- Given information

▬▬▬▬▬▬▬▬▬▬

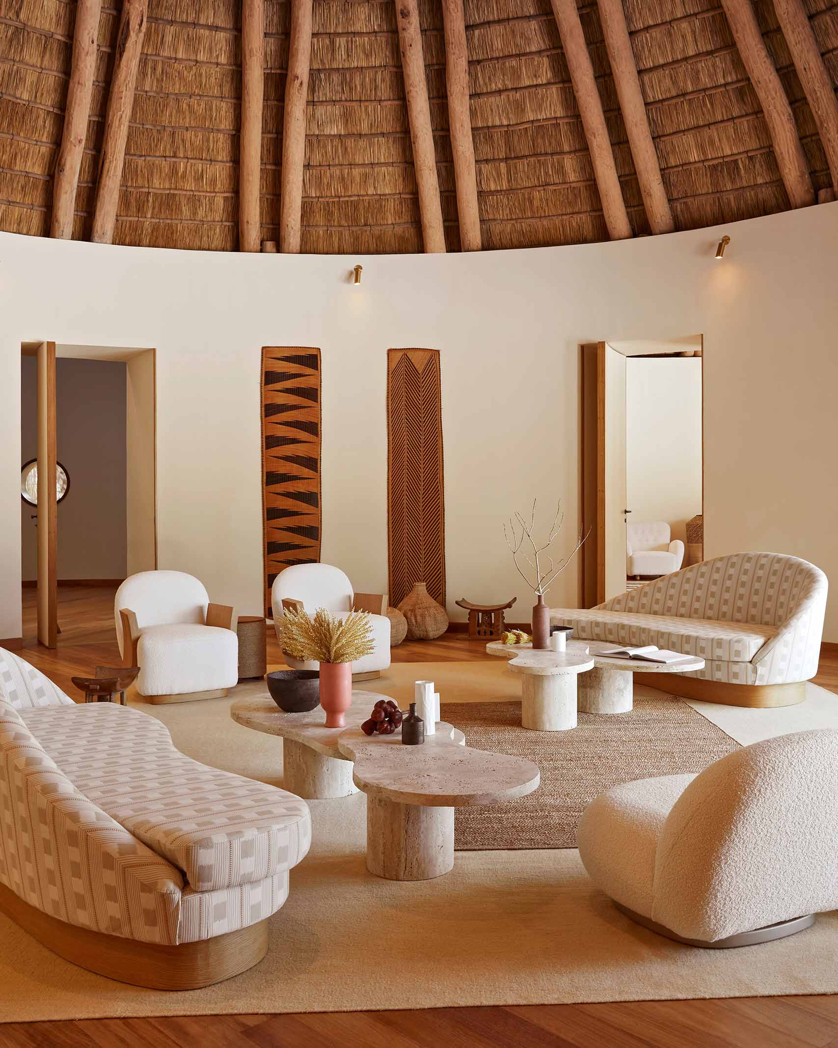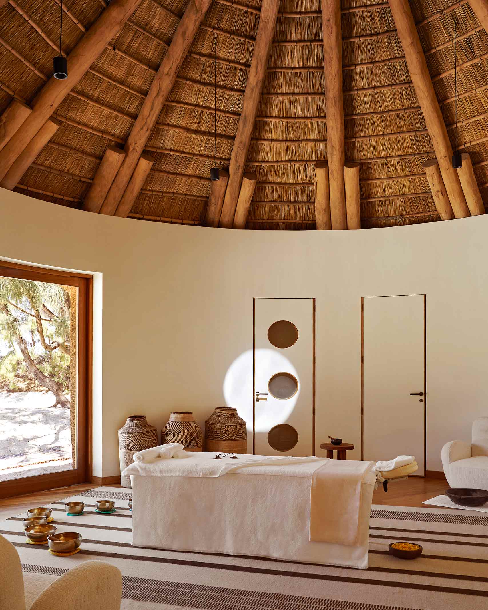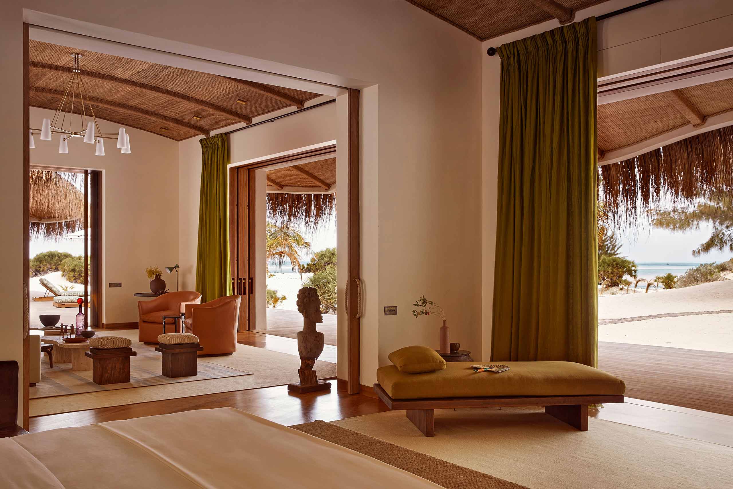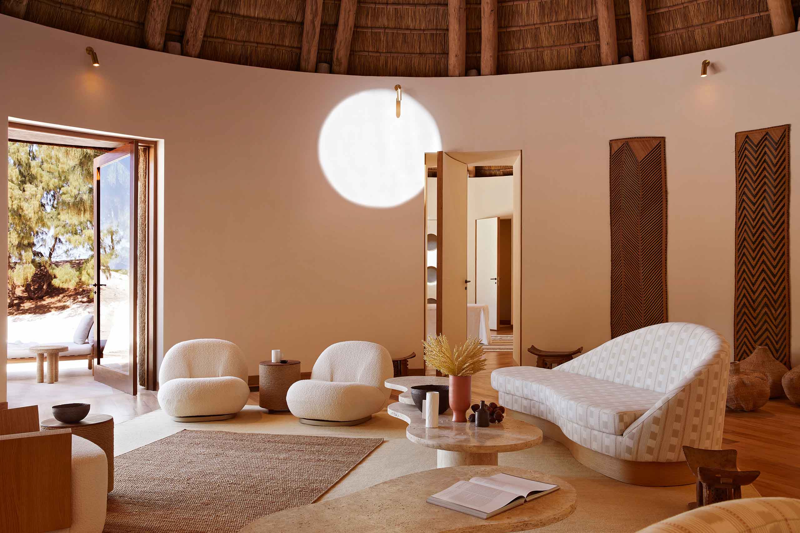 Plotted among eggshell-white sand dunes and coastal forests of whistling pines and milkwood trees, the residences, conjured by Flohr and her design studio, are far too vast to be called simply rooms or villas. Enfilade layouts thread living rooms into bedrooms and then into bathrooms larger than most city apartments. The design is all lean Modernist curves, with pan-African influences and natural materials such as native grasses and East African mahogany. Some building elements, including part of the residences’ foundations, were created by an on-site 3D printer, which uses a custom mortar of sand and seawater. The scale is impressive and everything is top quality, from door handles fashioned to look like nautical rope to barrel-vaulted ceilings covered in a weave of jute-like plant fibre. At high tide, a near-perfect beach is steps away from most residences (ours was Cove 5). For both beach and forest views, we recommend Cove 4, which sits on a small bluff.
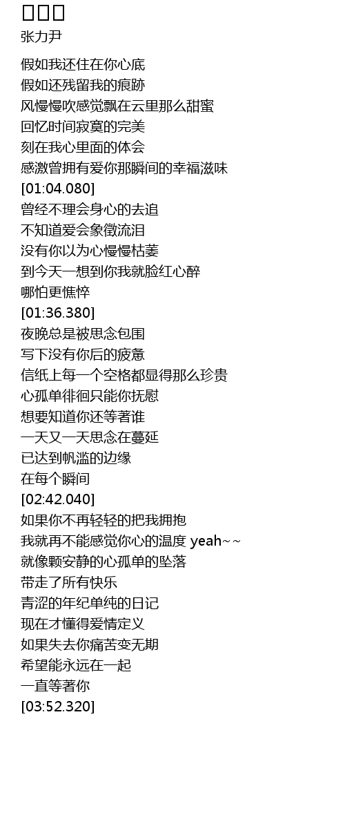 | [00:25.060] | 假如我还住在你心底 |
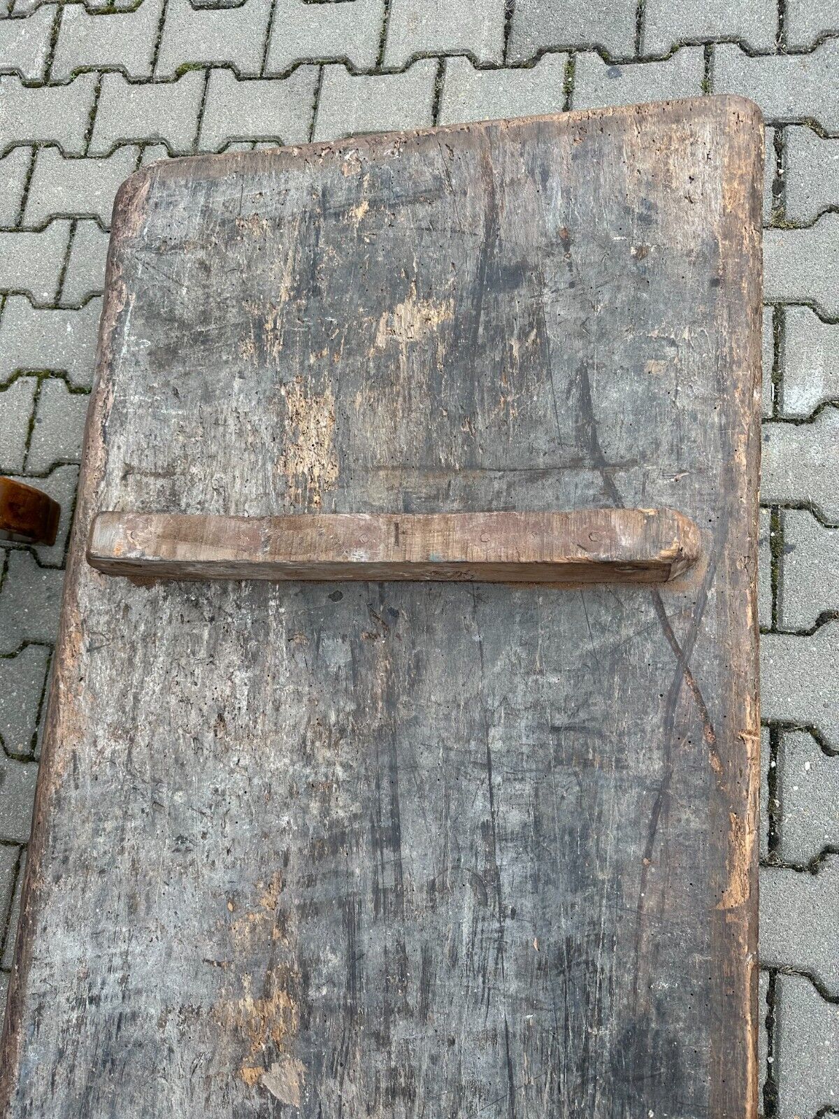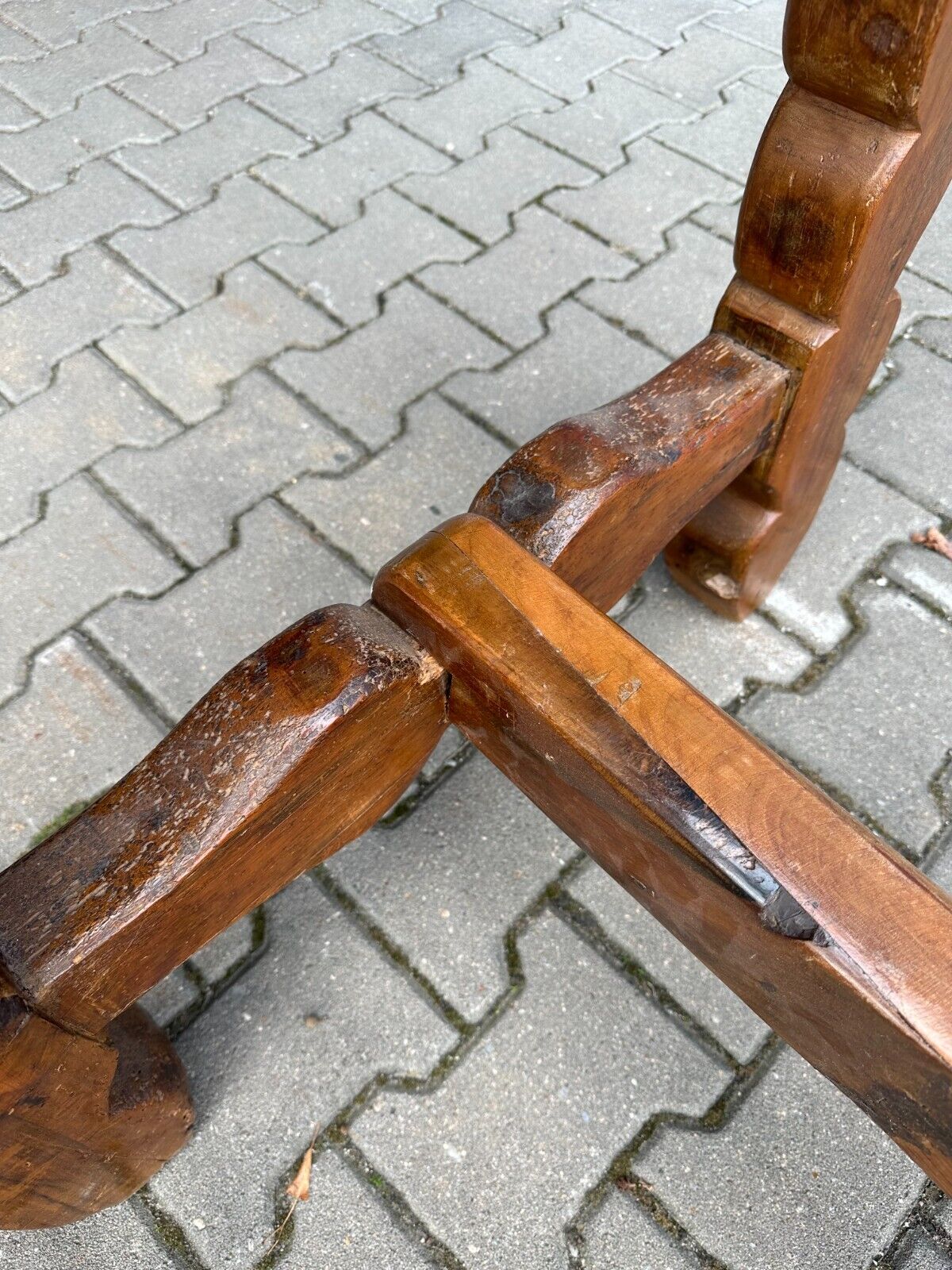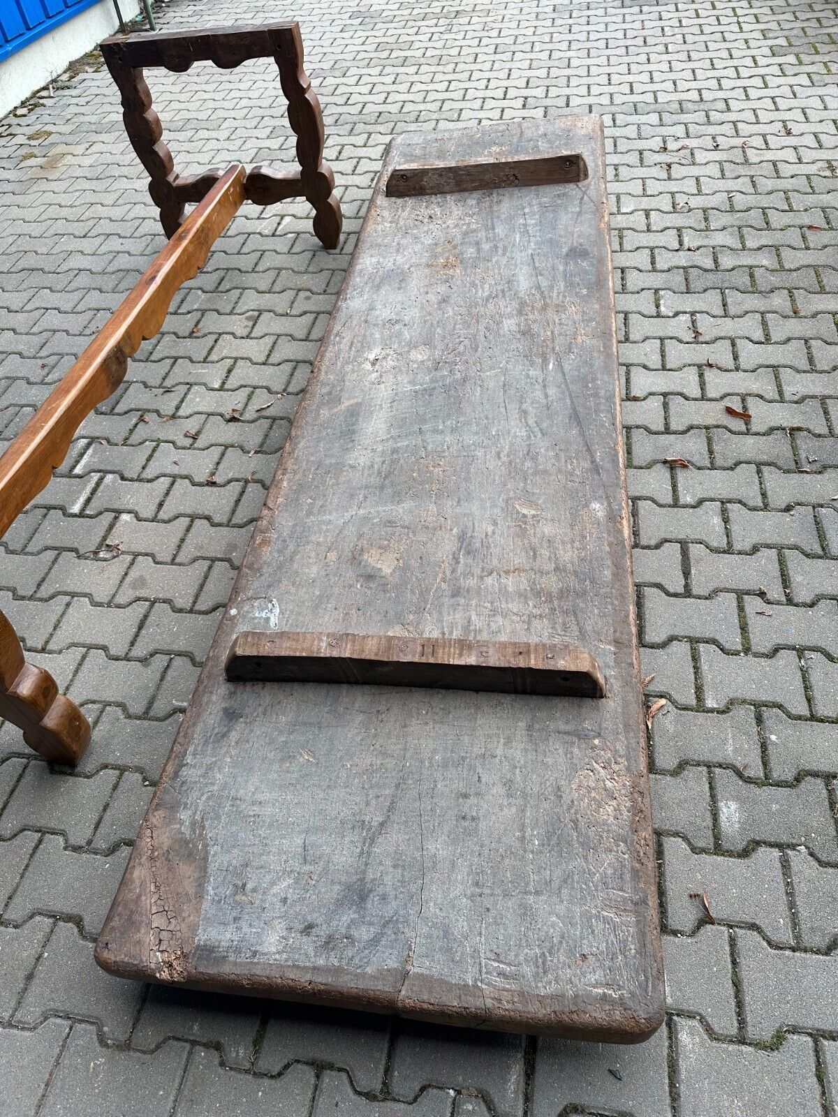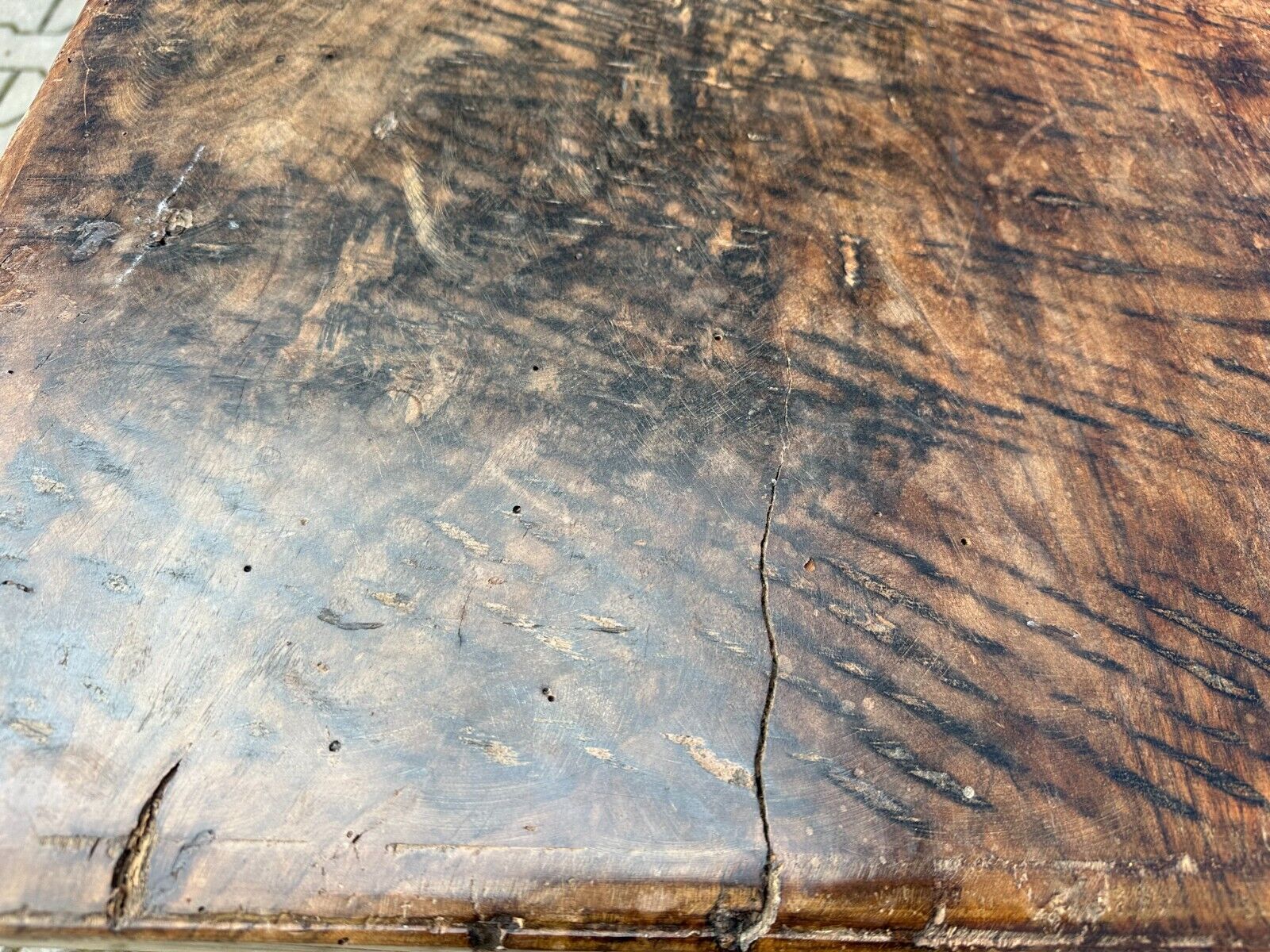 Sehr schöner, großer Barocktisch aus dem 18-ten Jahrhundert. Massive Eiche. Eine Ecke und wenige Stellen im Randbereich ergänzt, wenige leichte angehende Dehnungsrisse. An der gesamten Oberfläche und i Fussraum leichter, inaktiver Wurmfraß, eine Ecke an der Oberfläche berieben. Die gesamte Platte ist leicht in sich verzogen. Der lange untere Träger wurde ebenfalls mal überarbeitet und leicht ergänzt, die Tischplatte wird mit vier langen Schrauben von unten befestigt. Alles in einem eine tolle Patina, der Tisch könnte sofort eingesetzt werden. An der oberen Platte befinden sich leichte Flecken. Beim Abladen wird eine weiter sehr kräftige Person benötigt. Abmessungen BTH: 300x80x81cm, Beinfreiheit: 74cm. An der Unterseite Stellen im Randbereich gekittet.

▬▬▬▬▬▬▬▬▬▬

- Your goal
When copying, output the data exactly and leave out the pictures.

- Result below
 Plotted among eggshell-white sand dunes and coastal forests of whistling pines and milkwood trees, the residences, conjured by Flohr and her design studio, are far too vast to be called simply rooms or villas. Enfilade layouts thread living rooms into bedrooms and then into bathrooms larger than most city apartments. The design is all lean Modernist curves, with pan-African influences and natural materials such as native grasses and East African mahogany. Some building elements, including part of the residences’ foundations, were created by an on-site 3D printer, which uses a custom mortar of sand and seawater. The scale is impressive and everything is top quality, from door handles fashioned to look like nautical rope to barrel-vaulted ceilings covered in a weave of jute-like plant fibre. At high tide, a near-perfect beach is steps away from most residences (ours was Cove 5). For both beach and forest views, we recommend Cove 4, which sits on a small bluff.
 | [00:25.060] | 假如我还住在你心底 |
 Sehr schöner, großer Barocktisch aus dem 18-ten Jahrhundert. Massive Eiche. Eine Ecke und wenige Stellen im Randbereich ergänzt, wenige leichte angehende Dehnungsrisse. An der gesamten Oberfläche und i Fussraum leichter, inaktiver Wurmfraß, eine Ecke an der Oberfläche berieben. Die gesamte Platte ist leicht in sich verzogen. Der lange untere Träger wurde ebenfalls mal überarbeitet und leicht ergänzt, die Tischplatte wird mit vier langen Schrauben von unten befestigt. Alles in einem eine tolle Patina, der Tisch könnte sofort eingesetzt werden. An der oberen Platte befinden sich leichte Flecken. Beim Abladen wird eine weiter sehr kräftige Person benötigt. Abmessungen BTH: 300x80x81cm, Beinfreiheit: 74cm. An der Unterseite Stellen im Randbereich gekittet.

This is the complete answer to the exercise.